Merge pull request 'docs: define researcher agent specification (#68)' (#166) from feature/issue-68-researcher-agent-spec into main

2026-03-11 06:04:03 +01:00
parent 9ae0e6a8b2 77a5aa6ff0
commit 43cbb2a3b7
2 changed files with 263 additions and 0 deletions
--- a/implementation-plans/issue-068.md
+++ b/implementation-plans/issue-068.md
@@ -0,0 +1,46 @@
+# Implementation Plan — Issue #68: Define researcher agent system prompt and context structure
+
+## Metadata
+
+| Field | Value |
+|---|---|
+| Issue | [#68](https://git.shahondin1624.de/llm-multiverse/llm-multiverse/issues/68) |
+| Title | Define researcher agent system prompt and context structure |
+| Milestone | Phase 8: First Subagent (Researcher) |
+| Labels | — |
+| Status | `COMPLETED` |
+| Language | Specification |
+| Related Plans | issue-015.md |
+| Blocked by | #15 |
+
+## Acceptance Criteria
+
+- [x] System prompt defining researcher role, capabilities, and constraints
+- [x] Context structure: system prompt + task description + tool results + scratchpad
+- [x] Tool use conventions: how to format tool calls, handle results
+- [x] Confidence signaling format (how researcher reports certainty)

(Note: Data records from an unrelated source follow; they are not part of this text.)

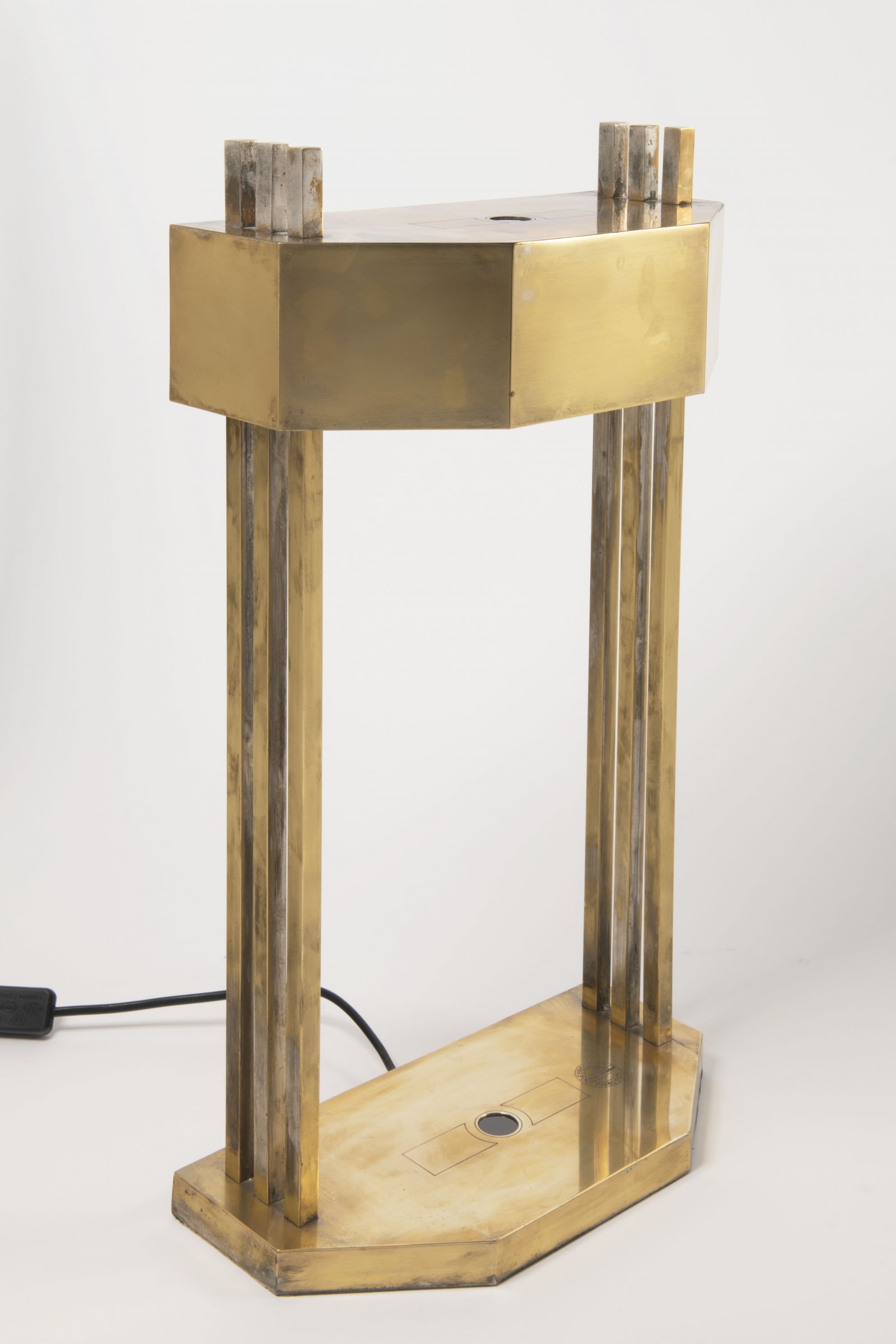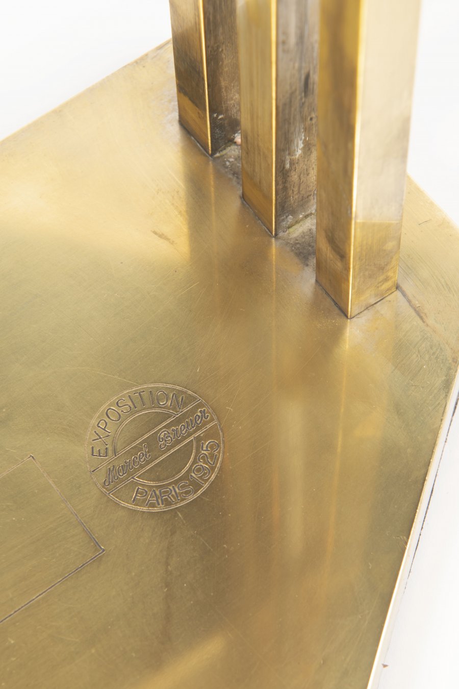 Rare Art Deco lamp with cubic shapes by the world representative of modernism, architect and designer, member of Bauhaus, Marcel Breuer, designed for the Expo exhibition in Paris 1925. Bottom and top with inset round black glass. Electrified, marked with an embossed stamp.
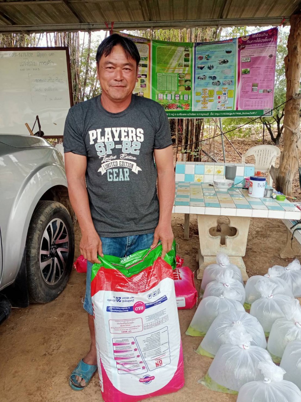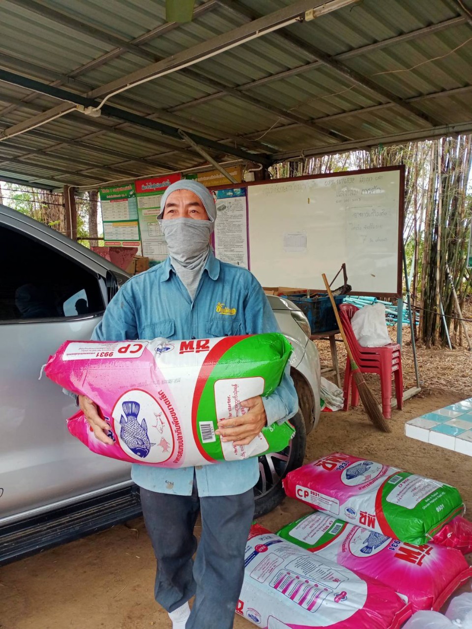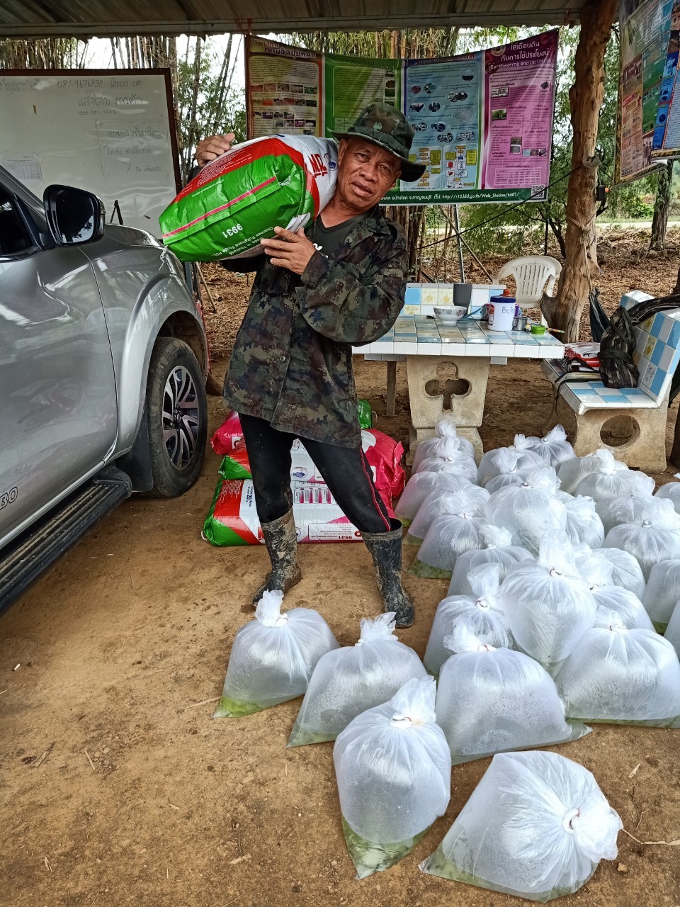 ดำเนินการมอบวัสดุการเกษตร ให้แก่เกษตรกรที่เข้าร่วมโครงการส่งเสริมอาชีพประมง กิจกรรมส่งเสริมเกษตรทฤษฎีใหม่ด้านการประมง ในพื้นที่ ตำบลศรีมงคล อำเภอไทรโยค จังหวัดกาญจนบุรี จำนวน 10 ราย
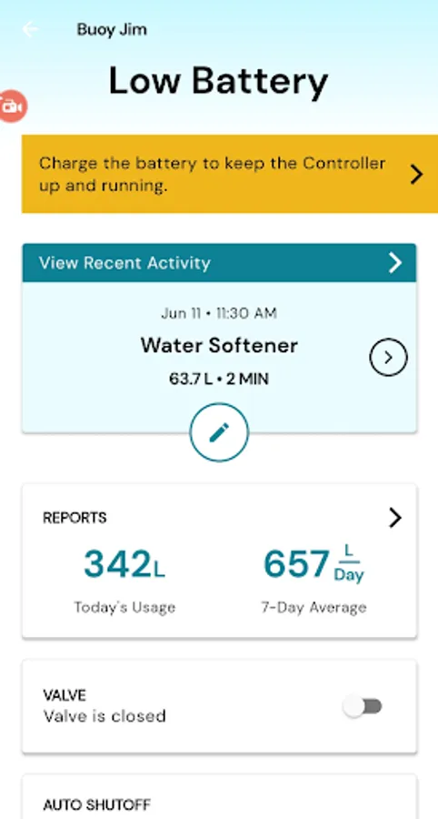 Our most advanced water solution, however, is the Buoy Whole Home Water Controller. With the Controller installed on your home's main water line, the Resideo Home app helps you manage your water and protect your home.
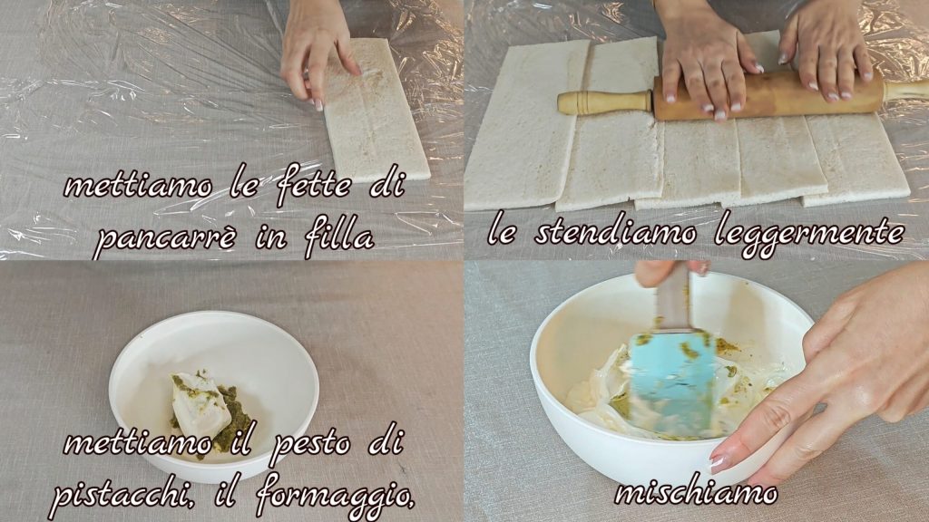 Primero ponemos en fila las rebanadas de pan de molde sobre el film y las estiramos ligeramente usando un rodillo. En un recipiente ponemos el pesto de pistachos, la crema de queso y mezclamos.
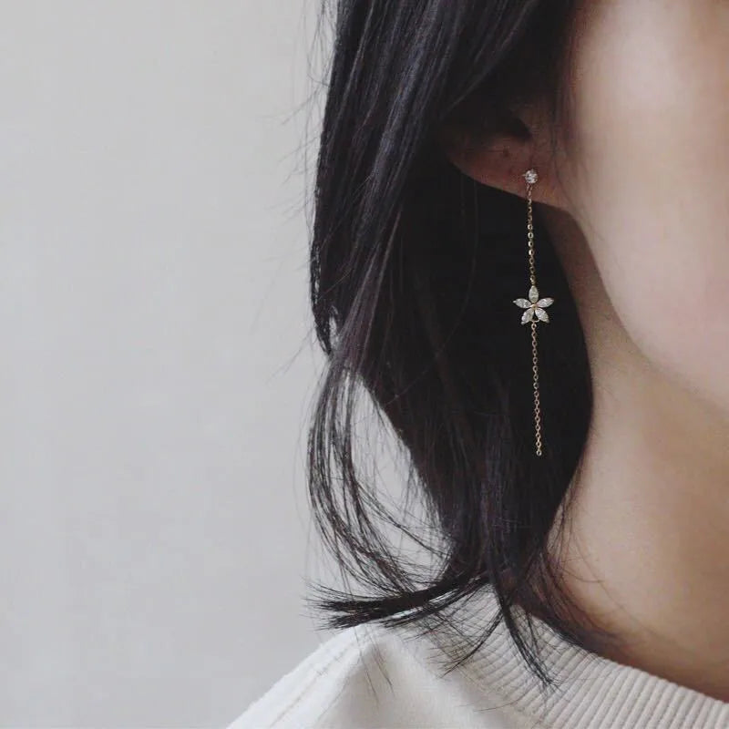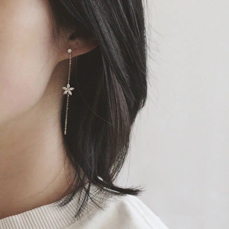 925 Sterling Silber Überzogene 14K Gold Lange Quaste Zirkon Blume Ohrringe fou frauen Süße Temperament Hochzeit Schmuck Zubehör
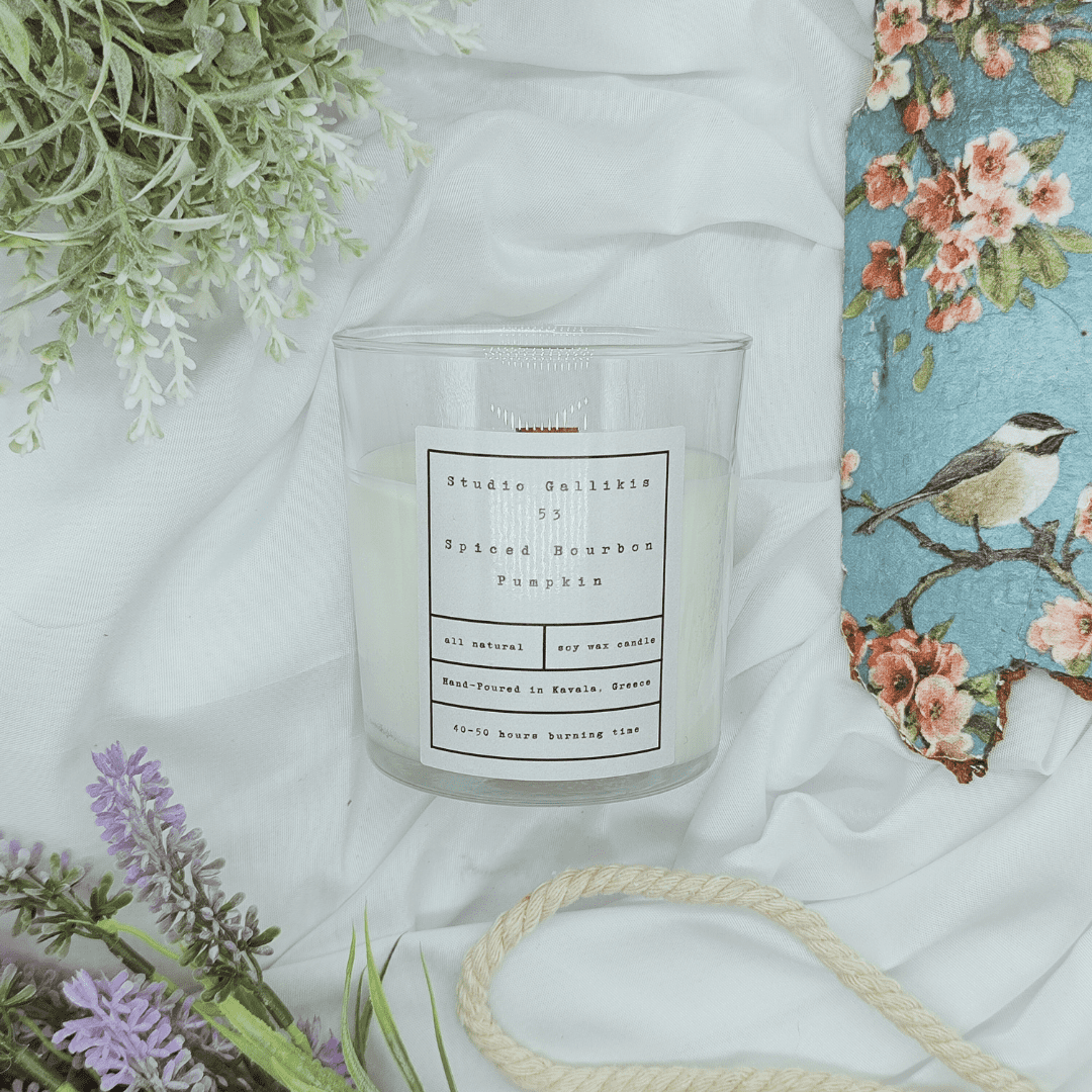 Το φθινόπωρο σε ένα κερί! Το Spiced Bourbon Pumpkin είναι ένα αρωματικό κερί σόγιας 240g που παντρεύει την κλασική κολοκύθα με πικάντικες νότες κανέλας, μοσχοκάρυδου και ένα φίνο άγγιγμα από παλαιωμένο bourbon. Ιδανικό για τις δροσερές μέρες και τις ατμοσφαιρικές νύχτες που θέλεις ο χώρος σου να μυρίζει… σαν σπιτικό, αλλά με χαρακτήρα.
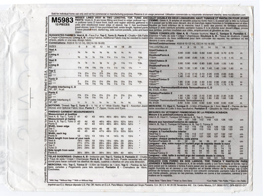 Patrón de costura sin cortar de McCall's M5983 para chaleco de piel para mujer, túnica y pantalones, fuera de impresión, tallas 6 a 14, doblado de fábrica
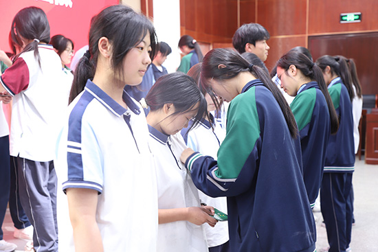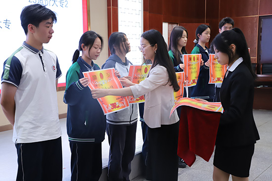 代表發言結束后,劉葉海副校長為第26期業余黨校學員頒發結業證書。老團員代表為新團員佩戴團徽、頒發團員證,熠熠生輝的團徽,承載著組織的期望與重托,象征著責任與擔當的傳遞。
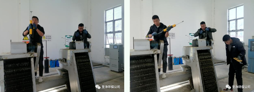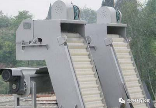 耙齒鏈運(yùn)轉(zhuǎn)到設(shè)備的上部時(shí),由于槽輪和彎軌的導(dǎo)向,使每組耙齒之間產(chǎn)生相對自清運(yùn)動(dòng),絕大部分固體物質(zhì)靠重力落下。另一部分則依靠清掃器的反向運(yùn)動(dòng)把粘在耙齒上的雜物清掃干凈。
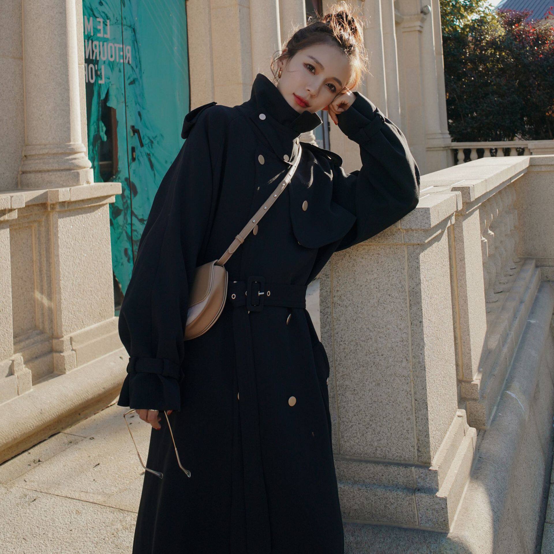 Black Fat Sister Windsuit Woman Mid 2022 New Fat mm Large size Korean version over knee coat jacket 200 catty
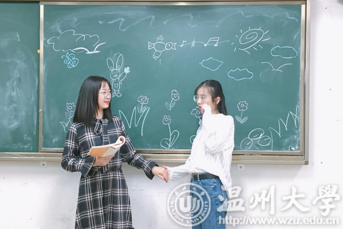 一个个睡前小故事被我们生动地讲述,在黑板上的儿童绘画背景的映衬下,我们演讲的故事变得更加生动有趣,我们在讲到生动情节的时候还时不时配上手势动作,同学们的兴致也被逐渐调动了起来。
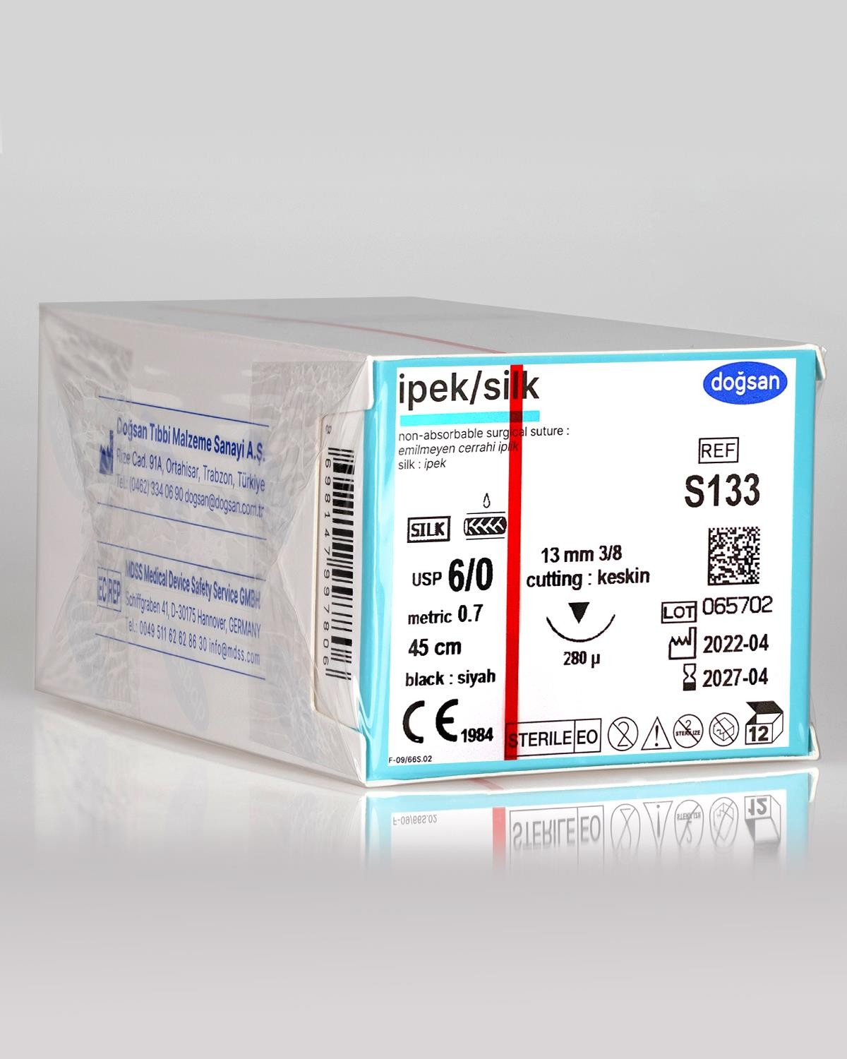> TANIM: İPEK iplik, fibroin adı verilen organik proteinden elde edilmiş, emilmeyen, steril cerrahi bir ipliktir. Bu protein, Bombycidae ailesinin evcilleştirilmiş türü olan Bombyx mori (B.Mori) İPEK böceğinden elde edilir. İPEK iplikler doğal yağ ve yapışkanlarından temizlenmek için işleme tabi tutulur. İPEK siyah renkte (Hematein Logwood siyah) ve silikon ile kaplıdır. Ham (Virjin) İPEK iplik, bükülmüş ve mavi renkte (Metilen Mavisi) USP 8/0 (EP 0.4) olarak mevcuttur. İPEK, Avrupa Farmakopesi (EP) ve Amerika Birleşik Devletleri Farmakopesi (USP) tarafından saptanmış absorbe olmayan cerrahi iplikler için gerekli olan tüm şartları karşılar. KULLANIM AMACI: İPEK, genel olarak yumuşak doku yaklaştırması ve/veya bağlanmasında, oftalmik ve kardiyovasküler cerrahi kullanımı da dahil olmak üzere kullanılır. Sadece tek kullanımlıktır. KLİNİK PERFORMANS ÖZELLİKLERİ: İPEK iplik, dokuda önce akut inflamasyon reaksiyonuna, sonrasında da bağ doku lifi ile ipliğin yavaş yavaş kapsül içine alınmasına yol açar. İPEK iplikler absorbe edilmediği halde, vücutta (in-vivo) İPEK liflerinin zamanla bozulması, iplik mukavemetinin yavaş yavaş kaybedilmesine neden olabilir. KLİNİK FAYDA: İPEK sütürler, açık yaraları dikmek için kullanıldığında enfeksiyonu sınırlayarak ve olabildiğince minimum doku enflamasyonu sağlayarak, dokuları yaklaştırmak için kullanılır. İPEK sütürler ayrıca yumuşak dokular veya diğer cihazlar için bir fiksasyon sistemi olarak kullanılır.

+- [x] Return schema matching orchestrator.proto `SubagentResult`
+- [x] Document the researcher agent specification
+
+## Implementation Steps
+
+### 1. Researcher Agent Specification (`specs/researcher-agent.md`)
+- System prompt with role definition, tool use format, confidence signaling, completion format
+- Context window structure (6 sections with compaction rules)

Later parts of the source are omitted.